I need to be able to get on with my life. When I get this way, I gently need to be reminded that I do have a life worth living. And an occasional hug sure doesn't hurt either. I just get so very tired struggling so all the time with how others think I should be. I just want to live at peace with myself and be able to finally be who I really am. If I were to die right now, there would not be anyone, neither family or friends that would recognize my passing. Instead they would mourn the loss of the male husk lying there, without any mention of the true me.
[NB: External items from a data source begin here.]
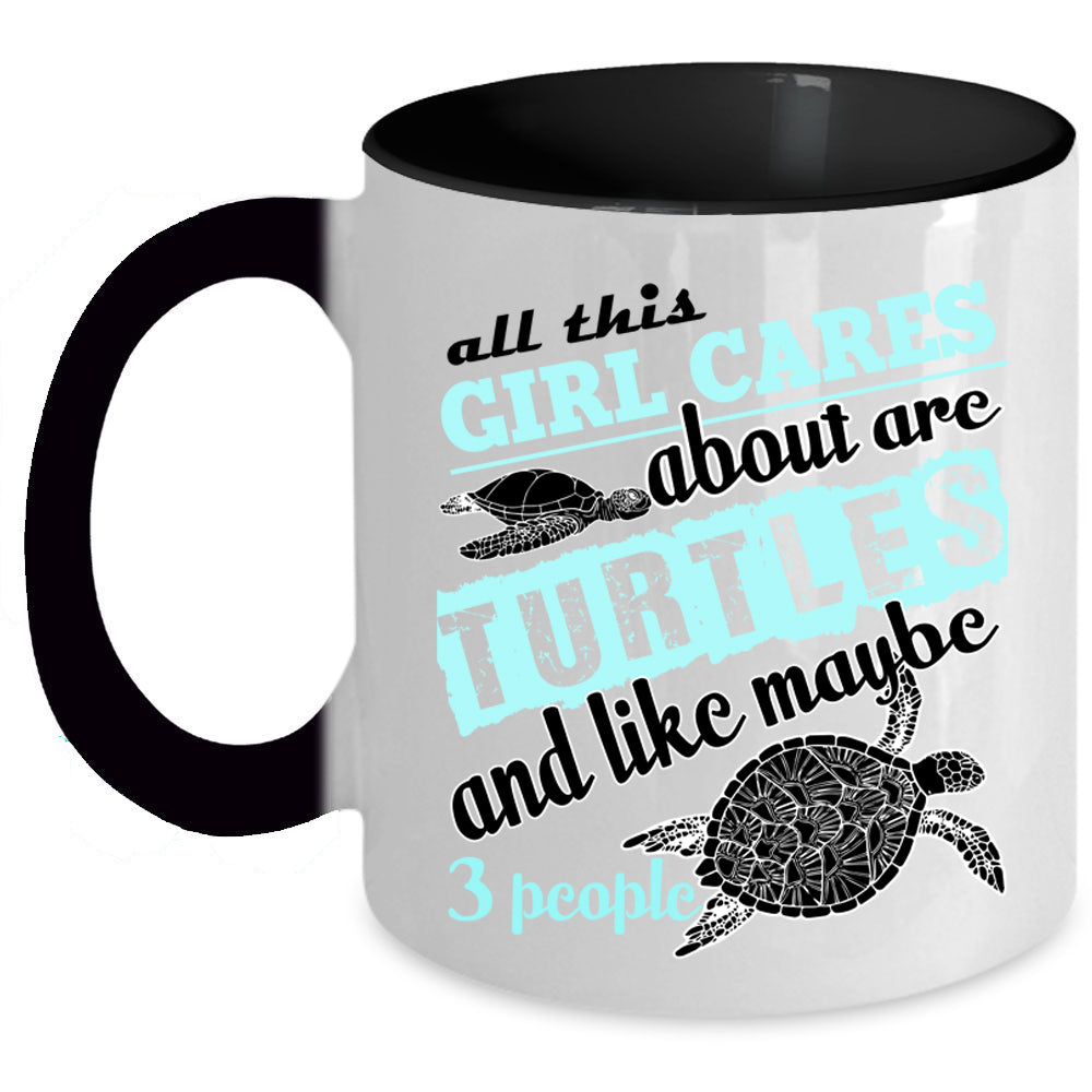 Funny Girls Coffee Mug, All This Girl Cares About Are Turtles Accent Mug
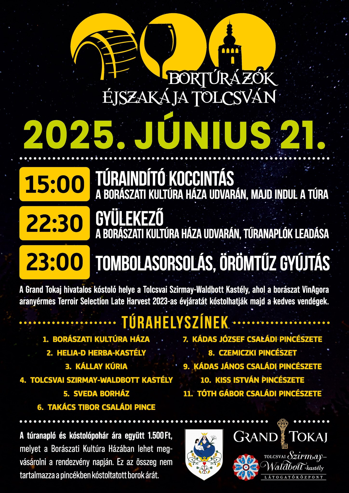 A 100%-ot teljesítő bortúrázók TOMBOLASORSOLÁSON vehetnek részt útlevelükkel a Borászati Kultúra Házának udvarán (Tolcsva, Kossuth Lajos út 32), ahol a Helia-D tokaji boros kozmetikumai is a nyeremények között szerepelnek! A jó hangulatot Szent Iván éji ÖRÖMTŰZ gyújtása koronázza meg 23 órakor ugyanitt!
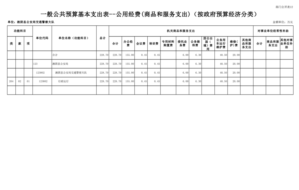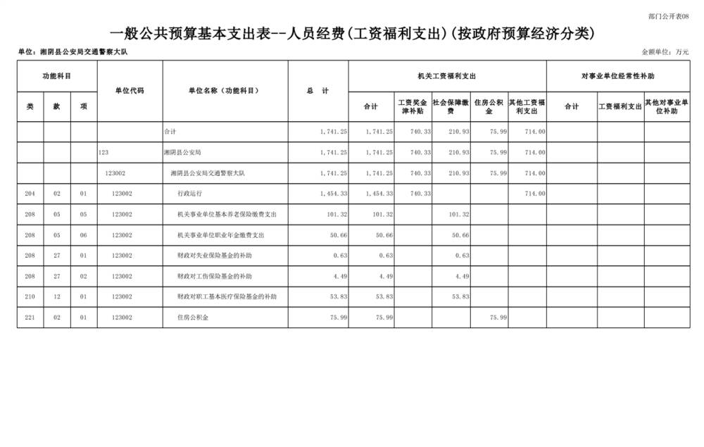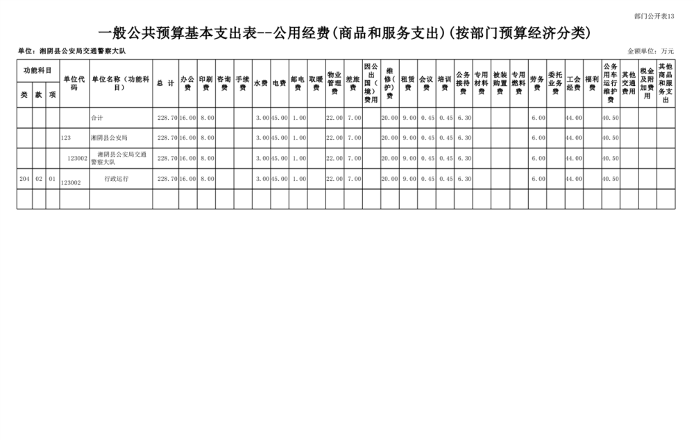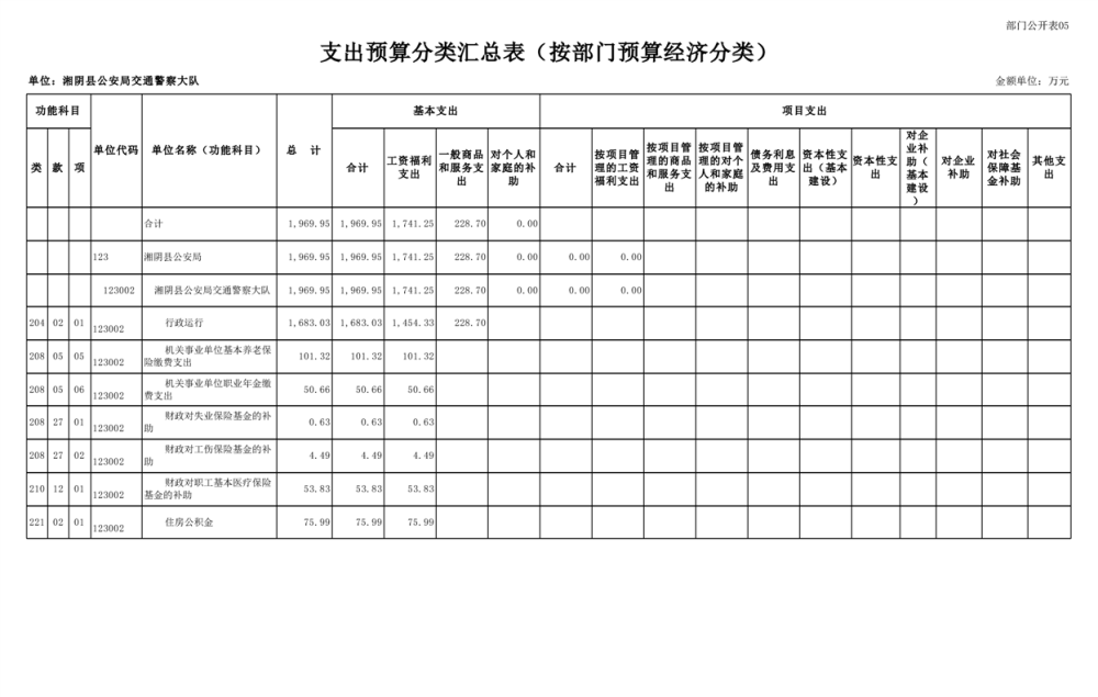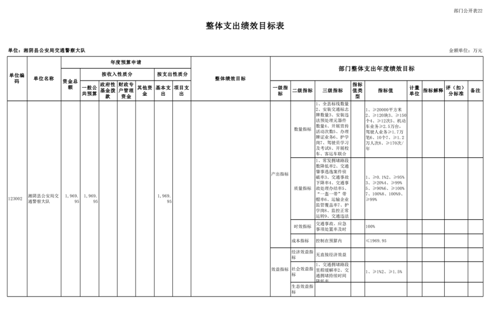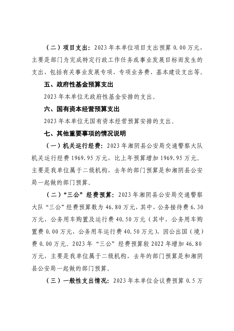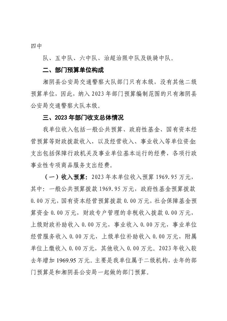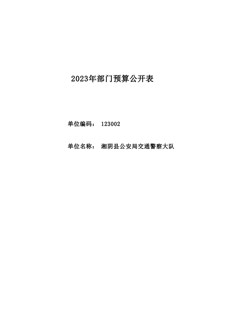 湘阴县公安局交通警察大队-2023年-部门预算公开
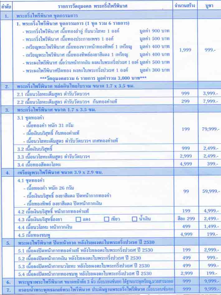 รายการที่ 1. พระกริ่งไพรีพินาศ ชุดกรรมการ (1ชุด รวม 6 รายการ) ..... 1,500 บาท มียอด 4 ชุด
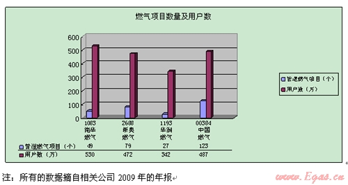目前在國內(nèi)的燃?xì)馐袌錾希饕兴募掖笮偷娜細(xì)饧瘓F,項目分布在中國大陸的各個城市,他們分別是華潤燃?xì)猓ü善贝a11933)、新奧燃?xì)猓ü善贝a2688)、中國燃?xì)?股票代碼00384)和港華燃?xì)猓ü善贝a1083),燃?xì)忭椖繑?shù)量及用戶數(shù)見下表:

Everyone would remember "James," but it's very unlikely that "Jamie" would receive brief mention, if any at all. For without one person, one friend to remember me, it would be as though I had never existed. Hidden and denied by others in life, and forgotten. I wish I could find that one person, that one close friend, to remember me. Just one red rose laid on a grave that is marked with someone else's name for one forgotten soul is all I ask for, just one small red rose with my name on it. To be one time remembered. I know when I die, I will die alone. There will not be another soul around. I will be totally alone. Of that I'm certain. I've always been alone. In everything I do. So I don't doubt I'll be alone in this too.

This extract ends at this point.